**REQUIREMENT**
In the material below, find the line containing "Mande saudações de" and the line containing "Knížka Dědečku, vyprávěj", then reproduce exactly both of them and every line between, and nothing else.

**DATA EXCERPTS**

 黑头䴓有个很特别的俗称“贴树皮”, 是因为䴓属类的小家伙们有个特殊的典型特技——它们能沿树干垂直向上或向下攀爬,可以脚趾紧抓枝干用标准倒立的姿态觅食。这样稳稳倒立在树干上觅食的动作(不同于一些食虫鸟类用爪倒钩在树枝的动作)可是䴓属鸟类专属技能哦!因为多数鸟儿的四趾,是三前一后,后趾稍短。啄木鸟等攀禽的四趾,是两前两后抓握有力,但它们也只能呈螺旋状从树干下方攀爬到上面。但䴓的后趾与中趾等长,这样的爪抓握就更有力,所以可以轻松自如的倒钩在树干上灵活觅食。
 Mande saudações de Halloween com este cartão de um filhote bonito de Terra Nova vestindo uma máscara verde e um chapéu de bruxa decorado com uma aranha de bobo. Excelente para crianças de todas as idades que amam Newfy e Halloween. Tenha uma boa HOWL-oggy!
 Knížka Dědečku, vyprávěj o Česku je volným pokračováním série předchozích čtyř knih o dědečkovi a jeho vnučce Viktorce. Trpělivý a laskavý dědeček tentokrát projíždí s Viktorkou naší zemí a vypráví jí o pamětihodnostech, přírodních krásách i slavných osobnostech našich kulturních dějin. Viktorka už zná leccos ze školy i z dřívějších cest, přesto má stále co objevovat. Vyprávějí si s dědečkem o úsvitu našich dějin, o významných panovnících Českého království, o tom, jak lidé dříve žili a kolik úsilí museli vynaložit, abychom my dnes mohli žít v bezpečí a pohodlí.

* * *

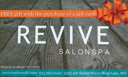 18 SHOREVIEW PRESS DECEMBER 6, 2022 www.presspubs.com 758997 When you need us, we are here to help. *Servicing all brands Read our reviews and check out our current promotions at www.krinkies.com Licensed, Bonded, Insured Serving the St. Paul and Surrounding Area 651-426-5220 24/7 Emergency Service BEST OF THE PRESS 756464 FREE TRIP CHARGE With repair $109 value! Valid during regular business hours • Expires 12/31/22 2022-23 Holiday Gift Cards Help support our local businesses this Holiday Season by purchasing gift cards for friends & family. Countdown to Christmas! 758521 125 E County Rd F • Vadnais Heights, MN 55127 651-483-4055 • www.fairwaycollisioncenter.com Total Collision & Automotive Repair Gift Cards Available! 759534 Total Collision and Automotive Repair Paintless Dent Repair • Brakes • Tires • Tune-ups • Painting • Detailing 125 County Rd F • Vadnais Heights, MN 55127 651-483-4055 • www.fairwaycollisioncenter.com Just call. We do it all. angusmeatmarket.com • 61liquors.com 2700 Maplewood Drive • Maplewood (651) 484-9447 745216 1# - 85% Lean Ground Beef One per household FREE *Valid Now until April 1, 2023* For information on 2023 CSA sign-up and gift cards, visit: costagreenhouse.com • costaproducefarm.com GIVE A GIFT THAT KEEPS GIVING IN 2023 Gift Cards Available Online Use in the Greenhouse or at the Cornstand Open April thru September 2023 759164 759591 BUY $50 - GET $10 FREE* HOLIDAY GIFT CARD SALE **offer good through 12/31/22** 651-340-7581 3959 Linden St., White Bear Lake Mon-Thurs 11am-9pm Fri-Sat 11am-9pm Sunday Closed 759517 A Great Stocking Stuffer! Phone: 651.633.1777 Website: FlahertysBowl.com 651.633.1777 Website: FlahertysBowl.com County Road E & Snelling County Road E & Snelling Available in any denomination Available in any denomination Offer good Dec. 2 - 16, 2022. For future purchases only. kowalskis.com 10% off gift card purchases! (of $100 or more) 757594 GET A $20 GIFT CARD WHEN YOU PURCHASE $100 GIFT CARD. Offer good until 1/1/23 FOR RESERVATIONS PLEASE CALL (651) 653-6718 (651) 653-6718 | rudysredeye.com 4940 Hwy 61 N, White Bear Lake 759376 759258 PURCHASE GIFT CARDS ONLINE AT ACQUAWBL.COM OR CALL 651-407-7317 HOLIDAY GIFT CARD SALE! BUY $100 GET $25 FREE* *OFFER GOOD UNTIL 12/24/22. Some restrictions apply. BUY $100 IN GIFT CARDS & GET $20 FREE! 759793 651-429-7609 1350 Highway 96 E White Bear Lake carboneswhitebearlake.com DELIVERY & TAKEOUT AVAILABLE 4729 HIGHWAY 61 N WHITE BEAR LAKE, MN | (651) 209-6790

---

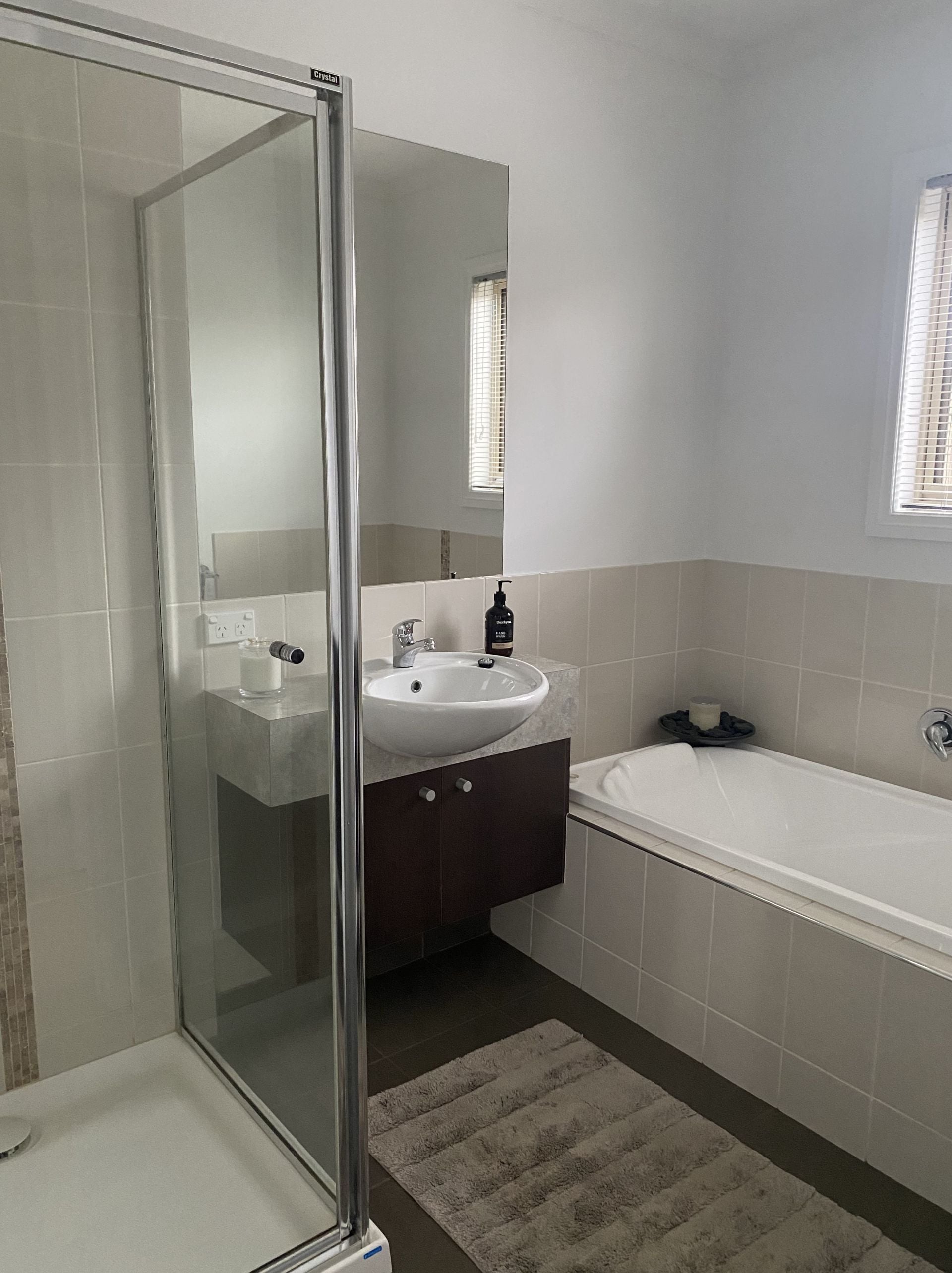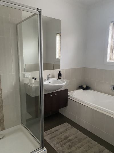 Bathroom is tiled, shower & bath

**RESPONSE**
 Mande saudações de Halloween com este cartão de um filhote bonito de Terra Nova vestindo uma máscara verde e um chapéu de bruxa decorado com uma aranha de bobo. Excelente para crianças de todas as idades que amam Newfy e Halloween. Tenha uma boa HOWL-oggy!
 Knížka Dědečku, vyprávěj o Česku je volným pokračováním série předchozích čtyř knih o dědečkovi a jeho vnučce Viktorce. Trpělivý a laskavý dědeček tentokrát projíždí s Viktorkou naší zemí a vypráví jí o pamětihodnostech, přírodních krásách i slavných osobnostech našich kulturních dějin. Viktorka už zná leccos ze školy i z dřívějších cest, přesto má stále co objevovat. Vyprávějí si s dědečkem o úsvitu našich dějin, o významných panovnících Českého království, o tom, jak lidé dříve žili a kolik úsilí museli vynaložit, abychom my dnes mohli žít v bezpečí a pohodlí.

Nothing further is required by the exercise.